Update: Starting from V10.0 the build-in Moment is fast enough for practical use.




I have a multinormal distribution with covariance matrix $\sigma$ and zero mean. I want to find moment


$$ E[x_1^{r_1}x_2^{r_2}\cdots x_n^{r_n}] =\,? $$


Of course, there is a built-in function Moment, but it is quite slow for big moments


Moment[MultinormalDistribution[{0, 0}, {{σ[1, 1], σ[1, 2]}, {σ[2, 1], σ[2, 2]}}], 
{20, 20}]; // AbsoluteTiming // First



1.604658



Is there a more efficient method? It is related to this question and my answer there.


I think that Isserlis' theorem is helpful. It says


$$ E[x_1x_2\cdots x_n] = \sum\prod E[x_ix_j] $$ if $n$ even and $0$ if $n$ odd, by definition $E[x_ix_j]=\sigma_{ij}$. Here the notation $\sum\prod$ means summing over all distinct ways of partitioning $x_1,x_2,\ldots, x_n$ into unordered pairs.
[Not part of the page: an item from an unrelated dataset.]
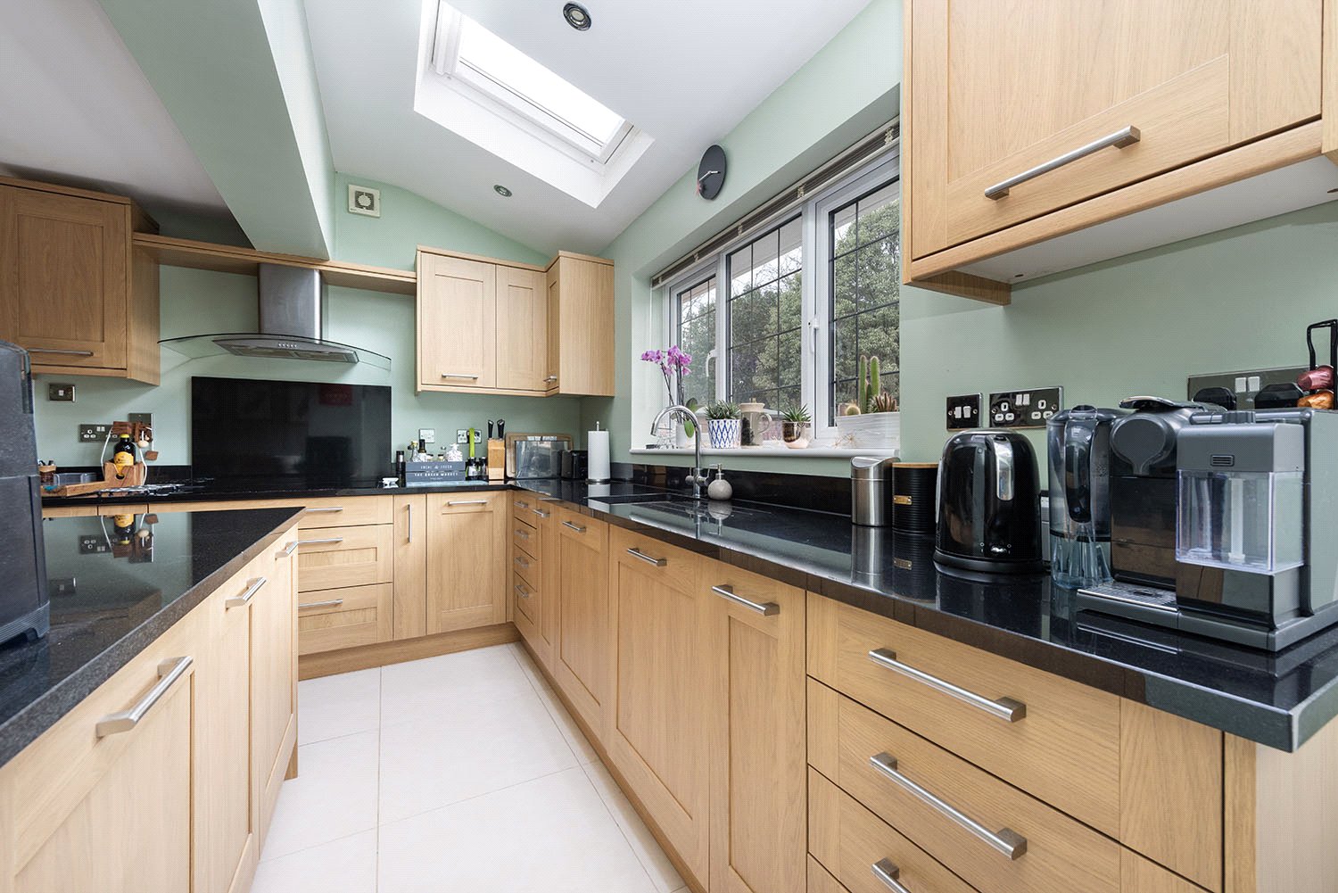 At the rear of the property is the beating heart of the home, a stunning open plan kitchen with a pitched roof creating the feeling of space and Velux windows that allow for plenty of natural light. The kitchen has been fitted with an extensive range of base and eye level shaker style units, that are complimented by black granite worktops, and a large island providing further worksurface space. Adjoining is a utility room and a downstairs cloakroom completes the ground floor.
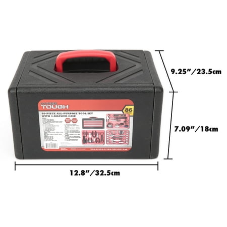 Super tough, 86-piece multi-purpose tool set with 3 drawers

For example, $x_1,x_2,x_3,x_4$ can be spitted as $$ (x_1,x_2),(x_3,x_4);\quad (x_1,x_3),(x_2,x_4);\quad (x_1,x_4),(x_2,x_3). $$ Therefore,


$$ E[x_1x_2x_3x_4]=\sigma _{1,2} \sigma _{3,4}+\sigma _{1,3} \sigma _{2,4}+\sigma _{1,4} \sigma _{2,3}. $$


If we want to calculate $E[x_1^2x_2x_3]$ then we can put two indexes equal (e.g. $x_4=x_2$) in the previous equation


$$ E[x_1^2x_2x_3] = \sigma _{1,1} \sigma _{2,3} + 2 \sigma _{1,2} \sigma _{1,3}. $$


Another examples:



$$ E[x_1^2x_2^2] = \sigma _{1,1} \sigma _{2,2} + 2 \sigma _{1,2}^2, $$


$$ E[x_1^3x_2] = 3 \sigma _{1,1} \sigma _{1,2}, $$


$$ E[x_1^4] = 3 \sigma _{1,1}^2. $$


For six variables there is 15 terms:


$$ E[x_1x_2x_3x_4x_5x_6]=\sigma _{1,2} \sigma _{3,4} \sigma _{5,6}+\sigma _{1,2} \sigma _{3,5} \sigma _{4,6}+\sigma _{1,2} \sigma _{3,6} \sigma _{4,5}+\sigma _{1,4} \sigma _{2,5} \sigma _{3,6}+\sigma _{1,5} \sigma _{2,4} \sigma _{3,6}+\sigma _{1,4} \sigma _{2,6} \sigma _{3,5}+\sigma _{1,6} \sigma _{2,4} \sigma _{3,5}+\sigma _{1,5} \sigma _{2,6} \sigma _{3,4}+\sigma _{1,6} \sigma _{2,5} \sigma _{3,4}+\sigma _{1,3} \sigma _{2,4} \sigma _{5,6}+\sigma _{1,4} \sigma _{2,3} \sigma _{5,6}+\sigma _{1,3} \sigma _{2,5} \sigma _{4,6}+\sigma _{1,5} \sigma _{2,3} \sigma _{4,6}+\sigma _{1,3} \sigma _{2,6} \sigma _{4,5}+\sigma _{1,6} \sigma _{2,3} \sigma _{4,5}. $$


As you can see, this statistical problem is just a combinatorics problem: find all possibilities to put $r_1$ balls of type $1$, $r_2$ balls of type $2$, ..., and $r_n$ balls of type $n$ to bins. Each bin can take 2 and only 2 balls.



Answer



Explicit formula


The wolfies' answer gave me an idea that one can derive an explicit formula. Here it is!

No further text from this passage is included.